Quarternote: A website that would ‘scrape’ myspace for band information. The idea was that you could put a location and style of music in to the system and it would compile a line-up of bands.

A great idea (although more hacker than hack) and if I was a dragon I would consider investing. These guys also won the Scraperwiki ‘cup’ award for actually being brave enough to have a go at scraping data from Myspace. Apparently myspace content has less structure than custard! The collective gasps from the geeks in the room when they said that was what they wanted to do underlined that.

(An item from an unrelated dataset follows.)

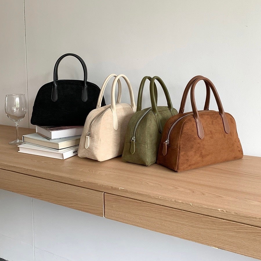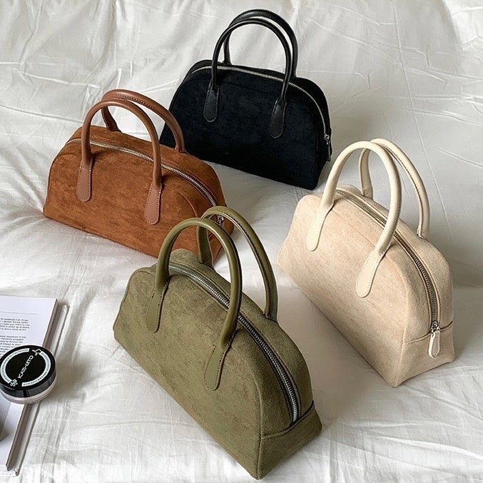 特徴的な台形のシルエットが美しいボストンバッグです。スエードのような質感が秋冬コーデに良く合います。オンでもオフでも使いやすいシンプルなデザインが魅力です。

Second was Preston’s summer of spend.  Local councils are supposed to make details of any invoice over 500 pounds available, and many have. But many don’t make the data very useable.  Preston City council is no exception. PDF’s!

With a little help from Scraperwiki the data was scraped, tidied and put in a spreadsheet and then organised. It through up some fun stuff – 1000 pounds to The Bikini Beach Band! And some really interesting areas for exploration – like a single payment of over 80,000 to one person (why?) – and I’m sure we’ll see more from this as the data gets a good running through.  A really good example of how a journo and a hacker can work together.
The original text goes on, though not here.